Neuroimaging plays a central role in the diagnostic pathway of these conditions7,10,14. However, despite the clinical importance, differentiation can be challenging even after brain CT evaluation, when lesions are small1,2,3,4,5,6. CCMs appear as focal areas of hyperdensity on CT, often attributed to calcium deposition or varying stages of blood content, and AIHs also commonly appear as uniform and smooth hyperdense lesions on CT due to the extravasation of blood content into the parenchyma2,3,11,14,15,16,17. The similarity in their initial radiological appearance on CT, particularly when lesions are small, can pose challenges in precise differentiation, even for experienced clinicians, commonly necessitating follow-up imaging or brain magnetic resonance imaging (MRI)10,11,18,19.
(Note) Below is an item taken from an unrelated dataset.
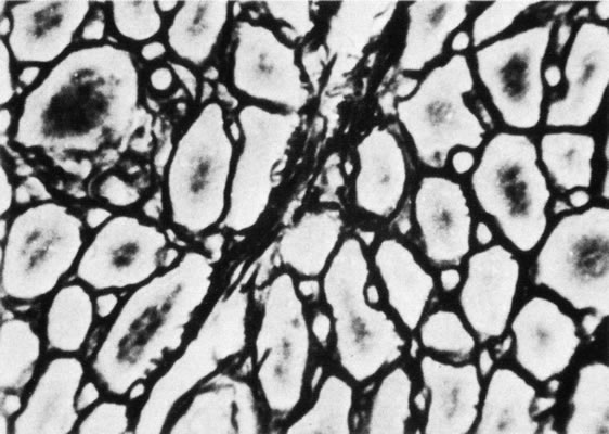CONNECTIVE TISSUE The connective tissue surrounding the extraocular muscles is more delicate than that around ordinary skeletal muscles. The muscle fibers are distributed in a capillary-rich, loose connective tissue. The capillaries in extraocular muscle are of the closed type, with the bidirectional transfer of macromolecules achieved by transendothelial vesicular transport.85 Adjacent to the surface of each muscle fiber (cell) is a layer about 50-nm thick that stains as a mucopolysaccharide. This, in turn, is surrounded by a delicate reticulum of argyrophilic (collagenous) fibers (Fig. 13) and elastin fibers (Fig. 14).86,87 The fibers are uniformly distributed, and the muscle is penetrated by a few intramuscular septa (the internal perimysium) that consist of collagenous fibers and contain many nerves and blood vessels. Argyrophilic fibers occur at the muscle fiber–connective tissue junction. The internal perimysium is continuous with the external muscle sheath or capsule (external perimysium or epimysium). Between the muscle fibers are numerous nerve fibers. Capillary vessels are most numerous on the outer, orbital surface of the muscle, which contains the smaller muscle fibers that are constantly active. Blood flow measurements in the cat show that the average flow in the six extraocular muscles is greater than that in any skeletal muscles and exceeded only by that in the myocardium. The muscle sheath is very thin for 2 cm or so from the muscle origin.44,45 On approaching the back of the globe, a thicker, opaque sheath that contains inner longitudinal fibers and outer circumferential fibers develops. The outer layer fuses with Tenon's capsule. MUSCLE FIBERS Eye muscle histology is a subject vexed by confusion and controversy. This is partly due to interspecies variation in the eye muscles but also to difficulty in making correlations between structure and function. The basis for understanding the extraocular muscle fiber types is the work that has been done on skeletal muscle. With the use of a variety of techniques—physiological,88 histochemical,89,90 biochemical,91,92 immunocytochemical,93–95 and ultrastructural 93,96–98—three or four fiber types have been delineated in skeletal muscle. When studied in detail, the extraocular muscle fibers are not exactly like those of any skeletal muscle. In broad outline, extraocular muscle shares with skeletal muscle a spectrum of twitch fibers, differing in rapidity of contraction and in fatiguability (“white” versus “red”). In addition, there are tonically contracting fibers, which do not occur at all in skeletal muscle. Skeletal muscles differ one from another in the proportion of fiber types. In contrast, except for one fiber type, all extraocular muscles are similar in fiber type composition. Like skeletal muscle, all fibers innervated by one axon are of the same type. Light Microscopy A gross muscle contains clusters of adjacent parallel muscle cells that are delimited by connective tissue septa. Such a cluster is a fasciculus. The muscle cells, which are also called fibers, are roughly cylindrical, multinucleated cells bounded by a plasma membrane. The ends fuse with the inelastic tissue of the muscle tendon. The extrinsic eye muscles have structural features not found in limb muscle, and the microscopic appearance is therefore somewhat different from that of ordinary skeletal muscle. This is not surprising in view of the unique functional abilities of the extraocular muscles—constancy of activity, rapidity, and fine gradation of contraction. Extraocular muscles have a lower innervation ratio, greater vascularity,99 and a looser connective tissue envelope, rich in elastic fibers,86,87 than are found in skeletal muscle. Normal extraocular muscle has features that in skeletal muscle are associated with myopathy. The fiber shape and size are variable, and there are more small fibers.100 There is usually a mild mononuclear inflammatory cell infiltration. Compared with skeletal muscle, there are more fibrous connective tissue and internal nuclei. Thus, ordinary myopathy and neuropathy cannot be distinguished in extraocular muscles using conventional morphologic criteria.101 Furthermore, individual fibers may show changes, observable by light or electron microscopy, which in skeletal muscle are considered pathologic. Such changes are whorled fibers, ringbinden fibers, vacuoles within myofilament bundles, subsarcolemmal inclusions, sarcomere disruption, nemaline rods, smearing of Z lines, mitochondrial clumping, mitochondrial abnormalities, zebra bodies, and Hirano bodies.102 These findings occur in children as well as in adults. The early histologic literature contains evidence of more than one fiber type in extraocular muscle. Fibers were distinguished by diameter, content of sarcoplasm, size and location of nuclei, fibrils, and presence of hypolemmal rings. Thus, in 1910, Cilimbaris103 noted clear fibers with few nuclei and little sarcoplasm, dark fibers with many nuclei and plentiful sarcoplasm, and intermediate types. Thulin,104 in 1914, described three muscle types in human and monkey extraocular muscle. The first contained irregular fibrils of varying size (i.e., Felderstruktur). Furthermore, he mentioned that this type had nerve terminals of a special structure (which he did not describe). A second type showed abundant cytoplasm with a regular arrangement of fibrils (i.e., Fibrillenstruktur). The third type had a fibrillar, cross-striated appearance but also had hypolemmal, circularly arranged fibrils. These are now known as ringbinden fibers and probably represent a degenerative change. Kato, in 1938,51 distinguished two zones within extraocular muscle, differing in cell size and staining reactions: an inner layer next to the eye itself (the global layer) and an outer, orbital layer. Sometimes an additional intermediate zone can be distinguished. In rectus muscles the orbital layer is C-shaped. The oblique muscles ar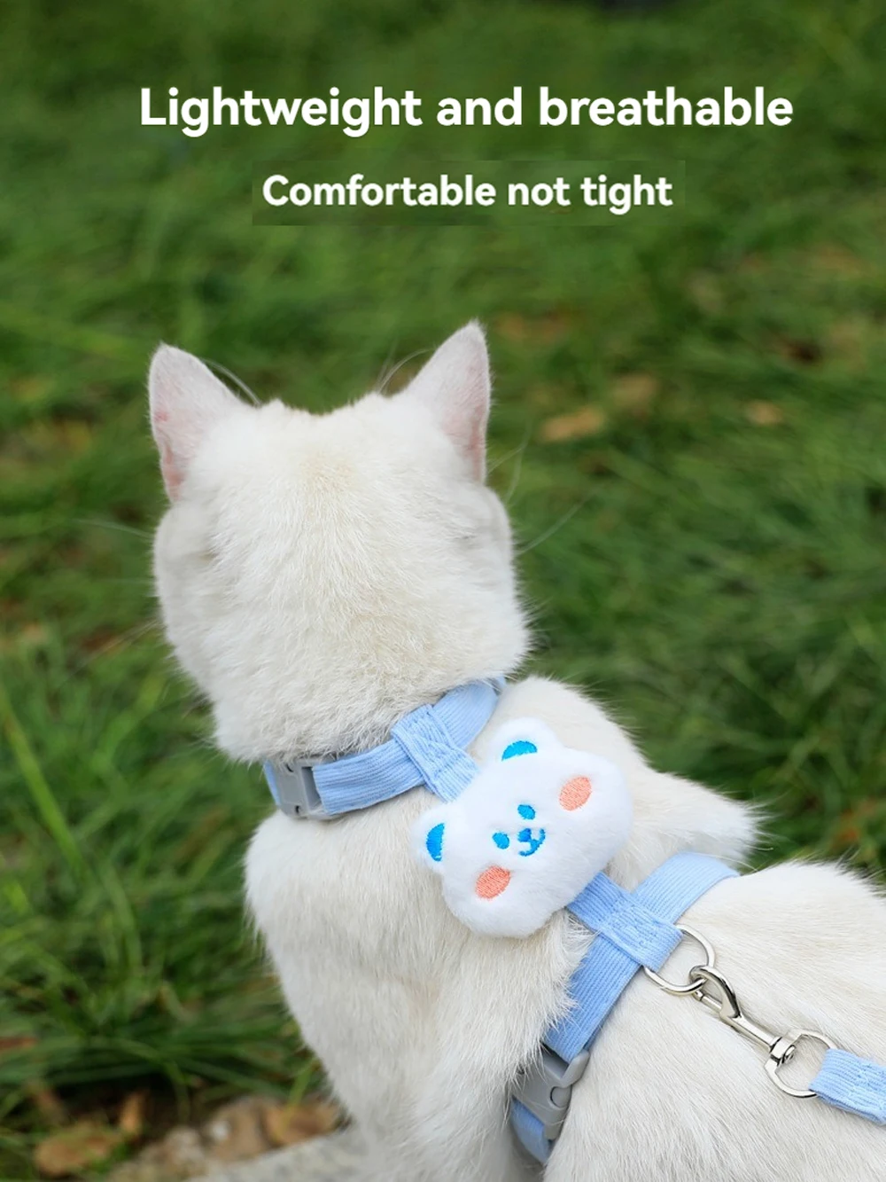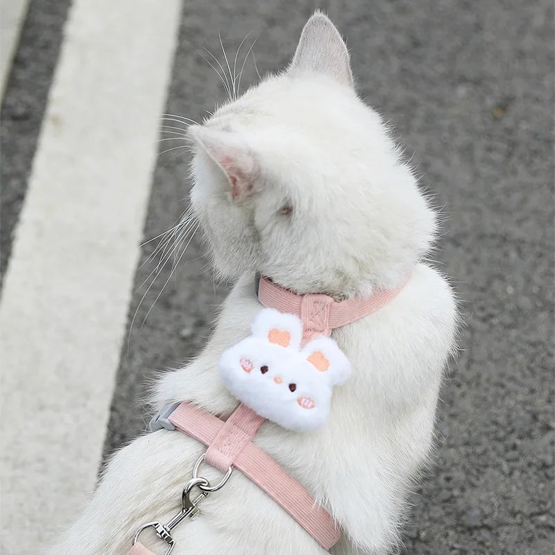 Arnés transpirable y bonito para gatos pequeños, conjunto de arnés y correa ajustable con patrón de conejo para caminar al aire libre

There has been an explosive increase in interest in artificial intelligence (AI) algorithms within recent clinical research, which has led to a rapid surge in their applications, including the detection and validation of AIH on brain CT scans20,21,22,23,24,25,26,27. However, to our knowledge, there has been no study differentiating CCM and AIH using an AI algorithm on brain CT images.

In this context, our study was designed to investigate the potential utility of an AI algorithm in distinguishing between CCM and AIH on brain CT images. In addition, we also assess how physician experience impacts diagnostic accuracy when utilizing AI assistance.

Materials and methods

In this retrospective, multireader, randomized study, we aimed to differentiate between CCM and AIH on brain CT images using a commercially available deep learning-based AI algorithm (Medical Insight + Brain Hemorrhage, SK Inc. C&C, Seongnam, Republic of Korea)20. This study was conducted in accordance with the principles of the Declaration of Helsinki and was approved by the institutional review board (IRB) of CHA Bundang Medical Center (IRB No. 2023-10-009-003). The requirement for informed consent was waived due to the retrospective nature of the study. All study methods were performed in accordance with relevant guidelines and regulations.

We searched our tertiary hospital’s radiology information system and picture archiving and communication system (PACS) crawler using keywords related to CCM (cavernous malformation(s), cavernous angioma(s), cavernous hemangioma(s), cavernoma(s)) to retrieve all noncontrast brain CT examinations conducted between January 2001 and October 2022. Additionally, patients diagnosed with AIH through the International Classification of Diseases, 10th revision, medical diagnostic codes of “nontraumatic intracerebral hemorrhage” in our hospital between January 2019 and December 2021 were searched for.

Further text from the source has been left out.